The namespace / type names don't need a special scheme for naming to address compatibility.
If you need to rename something, that's what aliases are for
From what I've seen, using a parser more than once per schema causes some issues with state maintained by the parser

So technically you have 2 options, each has it's own benefits and drawbacks:
A) do include version identifier into namespace or type name
B) do NOT include version identifier into namespace or type name
Explanation: If you want to use schema evolution, you need not to include version number, as both confluent schema registry and simple object encoding does use namespaces, and uses some sort of hash/modified crc as schema fingerprint. When deserializing bytes, you have to know writer schema, and you can then evolve it into reader schema.
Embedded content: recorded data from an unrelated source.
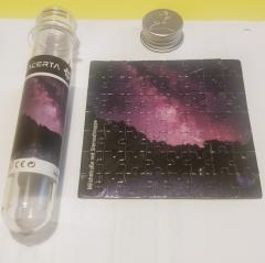 • 1 Reagenzglas aus Acryl (Kunststoff), dient als Behälter der Puzzle-Stücke (Länge 15cm, Durchmesser 3cm)
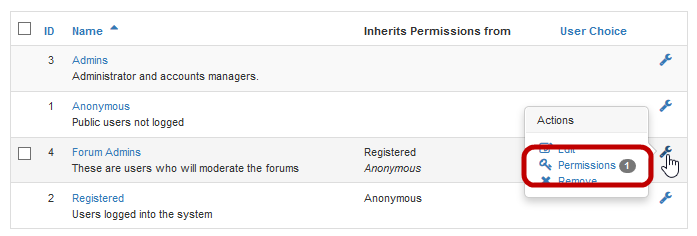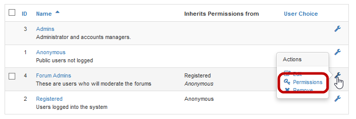 - In the List of Existing Groups area of the Admin Groups page, click the Actions icon for the Forum Admins group, the click Permissions in the pop-up window.
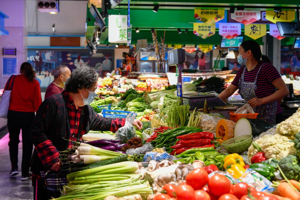3月30日,居民在深圳市福田區(qū)華榮凈菜市場里買菜。新華社發(fā)(儲焱 攝)
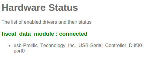 In order to use a Fiscal Data Module, you will need a registered POSBox. These POSBoxes are similar to the regular POSBoxes we sell, but they are registered with the Belgian government. This is required by law. Attempting to use a Fiscal Data Module on a non-registered POSBox will not work. You can verify that the Fiscal Data Module is recognized by the POSBox by going to the Hardware status page via the POSBox homepage.
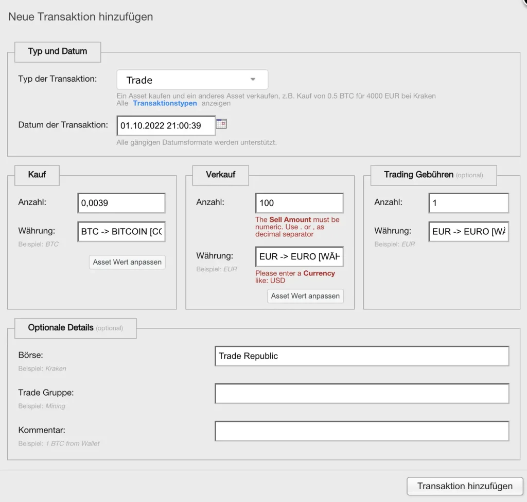 Beispiel: Ich habe hier einen Trade am 01.10.2022 um 21:00:39 Uhr eingetragen. Dabei habe ich für 100 € (Verkaufsfeld) 0,0039 Bitcoin (Kauffeld) gekauft. Als Börse wurde Trade Republic verwendet (Börsenfeld) und es sind 1 € an Handelsgebühren angefallen.
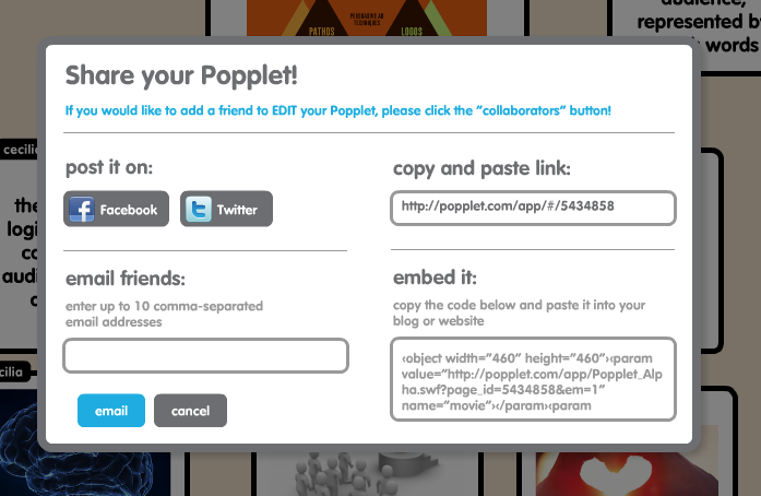 Yes, they can share the link. Other users can also immediately share your work on Twitter and Facebook. They can even embed your work on a website or blog post using the popplet embed code. Popular popplets will drive traffic to a website! Will other users be able to edit my work if I share it in Public Popplets? No, to do this you, as the Popplet’s author would need to add another person as a collaborator and specifically grant editing permissions.
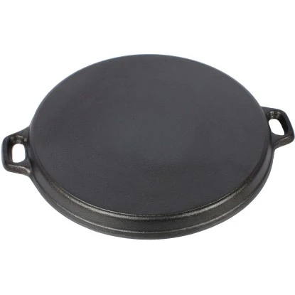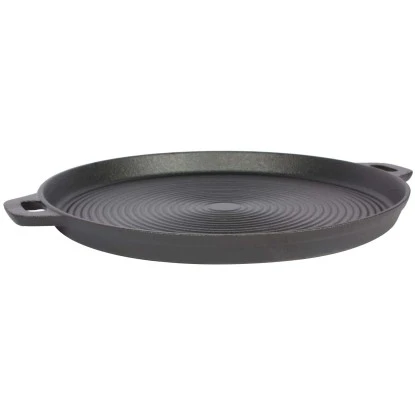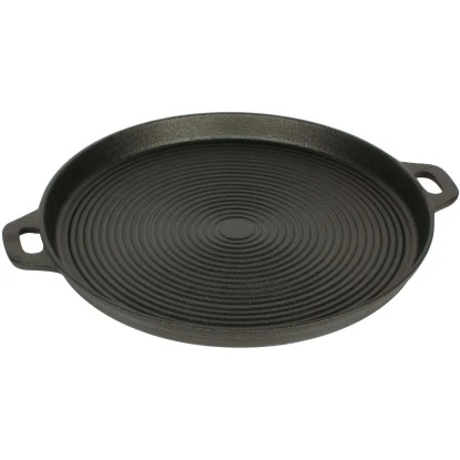 Hochwertige El Fuego Grillpfanne aus massivem emailliertem Gusseisen, die bereits mit pflanzlichen Ölen voreingebrannt ist. Die Grillpfanne hat mit zwei Handgriffe.
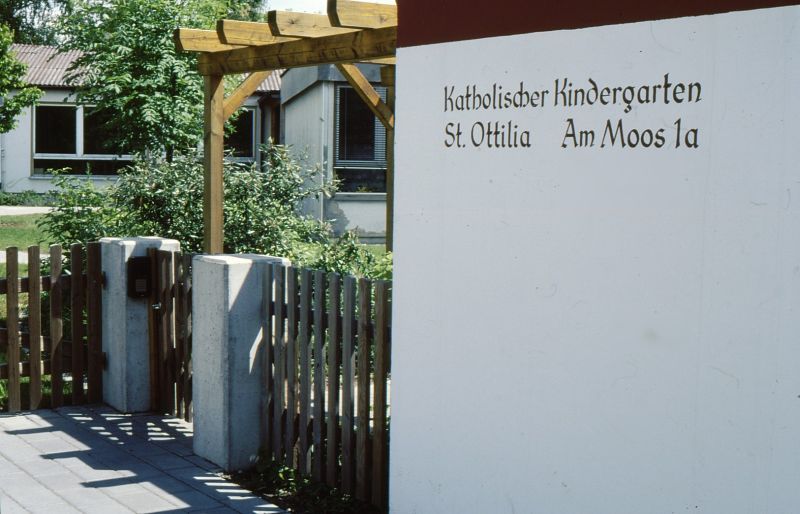 Die Außenanlagen des an einer Straßeneinmündung liegenden Kindergartens waren seit Jahrzehnten praktisch unverändert. Der durch die Grenzöffnung stark angestiegene Verkehr brachte eine erhebliche Lärm- und Staubbelastung. So war es eine der vorrangigsten Aufgaben, eine dichte Lärm- und Sichtschutzpflanzung anzulegen. Es galt die für das Kinderspiel unattraktiven Außenanlagen kinder- und spielfreundlich umzugestalten. Die Bepflanzung sollte keinesfalls nur Abstandsgrün, sondern vielfältig für die Kinder nutzbar sein und ihnen die Fülle der Pflanzenwelt näher bringen.
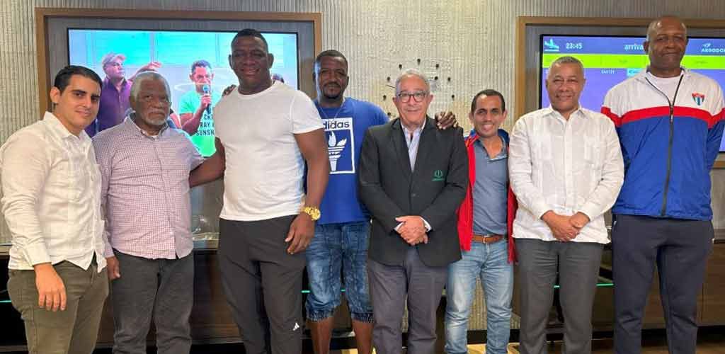 Su llegada se produjo anoche por el Aeropuerto Internacional de Las Américas. Fue recibido por el doctor Dionisio Guzmán, Ángel Arzuaga Reyes, embajador cubano en el país y el inmortal del deporte Isaac Ogando, con quien agotará una agenda en Bayaguana, Monte Plata, donde este sábado la Sala Capitular del Ayuntamiento lo declarará «Hijo Adoptivo del Municipio».
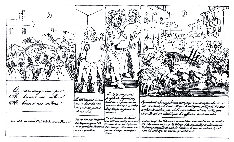 | Arrivés sur le sol Helvétique, les quatre amis saluent avec ivresse cette terre de liberté. | Et entrés dans le chef-lieu, ils fraternisent avec les publicistes de l'endroit. |
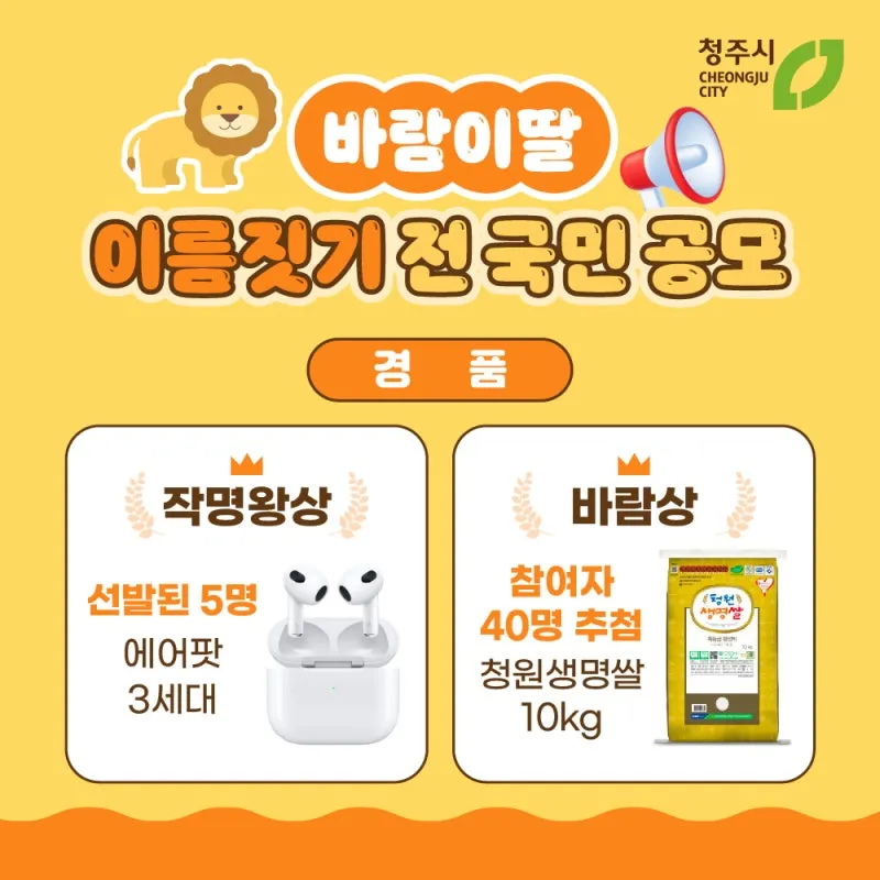 그리고 전 국민이 관심이 있는 만큼 경품을 많이 준비하였는데요! 선발된 5명에겐 에어팟 3세대가 증정되며, 댓글을 작성하신 분들 중 40명을 추첨하여 청원생명쌀 10kg을 지급합니다!
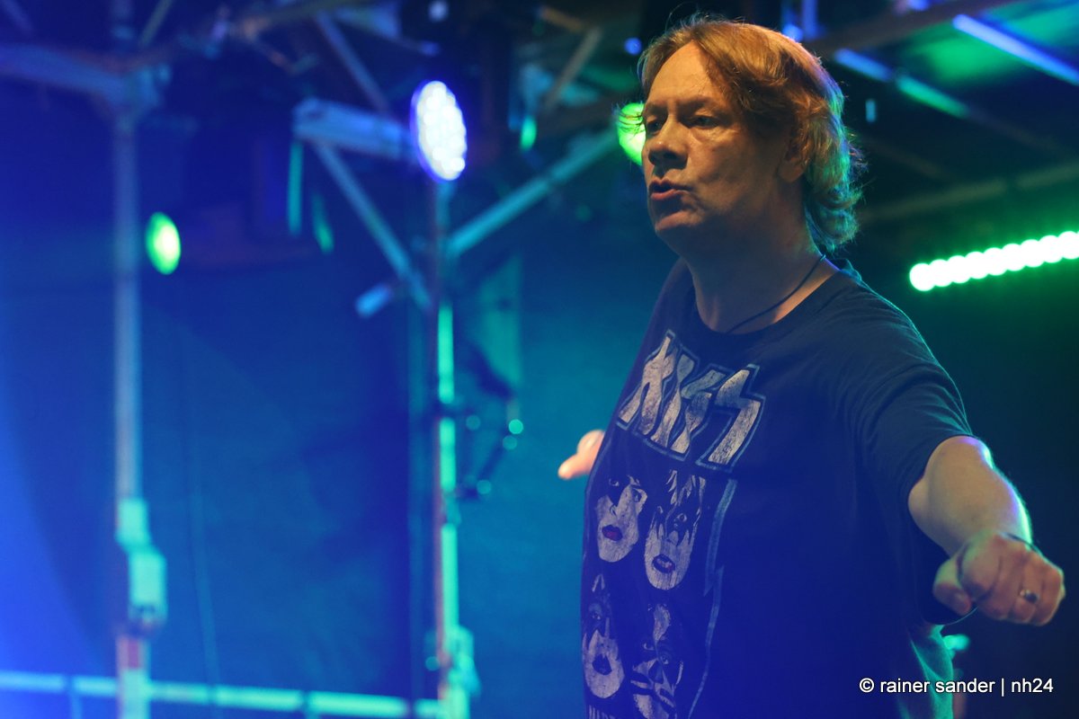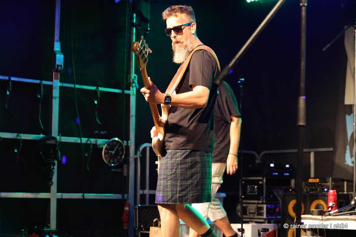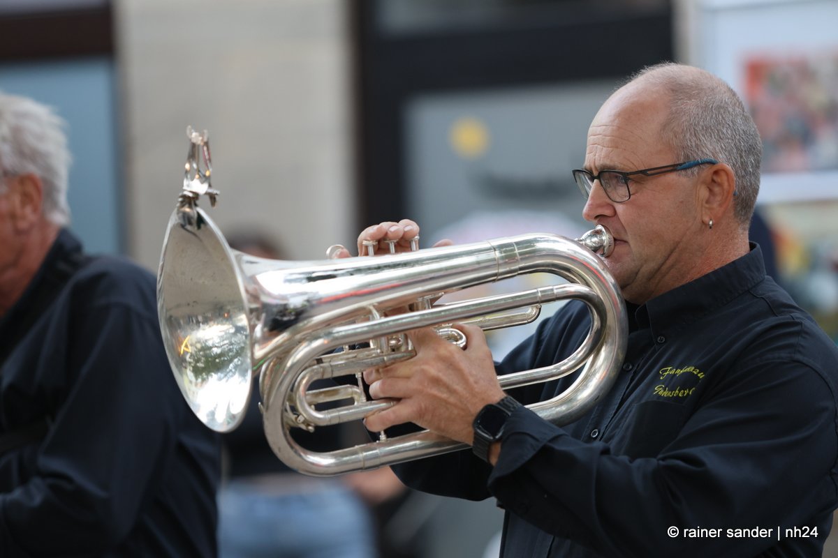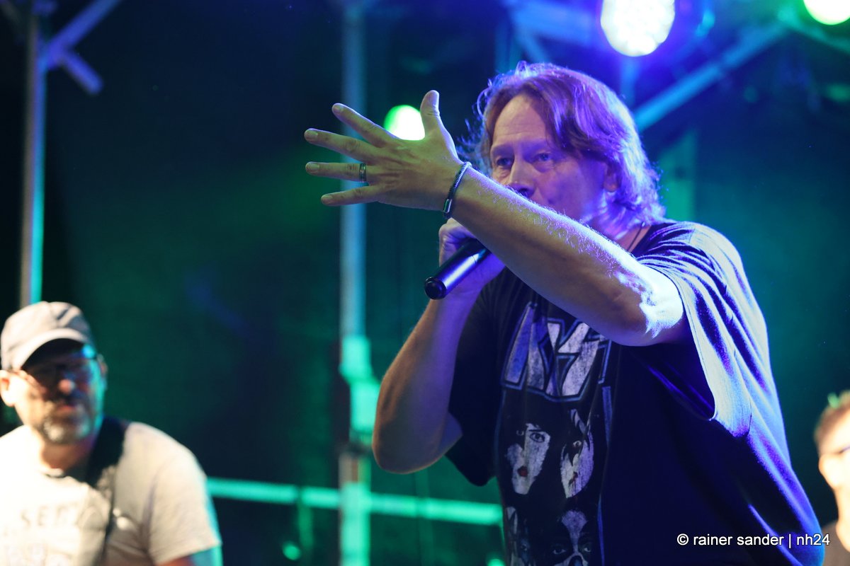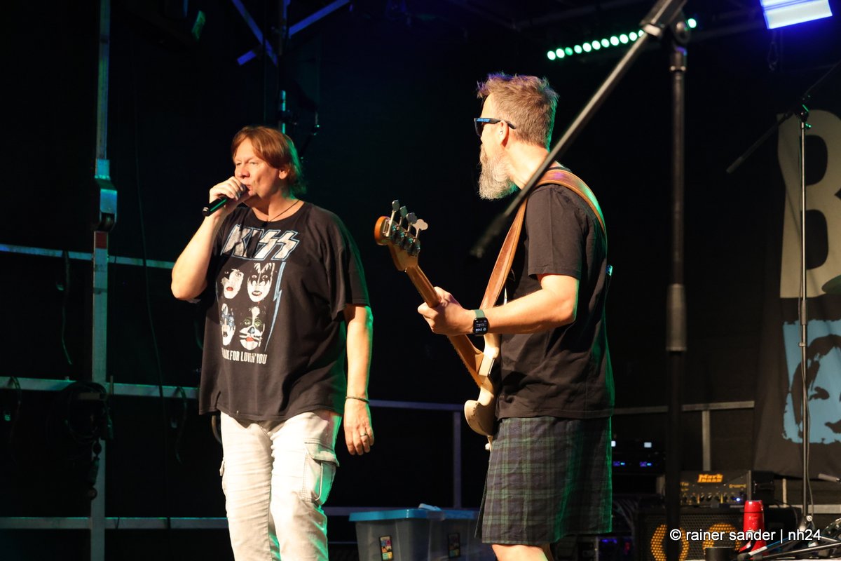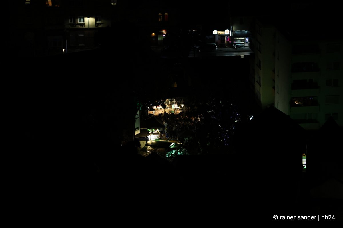 Die große Bühne steht diesmal „andersherum“. Damit ist der „Festplatz“ zur Fußgängerzone hin geöffnet, allerdings mit dem Nachteil verbunden, dass man die Akteure von den Sitzbänken jetzt gar nicht mehr sieht, weil das große FOS-Zelt mit dem Mischpult die Sicht verdeckt.

These two need not to have same name, as schema resolution does not use namespace or type name. (https://avro.apache.org/docs/current/spec.html#Schema+Resolution) On the otherhand, Schema.Parser cannon parse more than 1 schema, which does have same Name, which is fully qualified type of schema, ie namespace.name. So it depends on your usecase, which one do you want to use, both can be used.
ad A) if you do include version identifier, you will be able to parse both(or all) version using same Schema.Parser, which means, that for example these schemas will be processable together in maven-avro-plugin (sorry I do not remember, whether I tested it in single configuration only, or if I did use multiple configurations also, you have to check it yourself). Another benefit is, that you can reference same type in different versions if needed. Drawback is, that after each version upgrade, the namespace and/or type name changes, and you would have to change imports in project. Schema resolution between writer and reader schema should work, and hopefully it will.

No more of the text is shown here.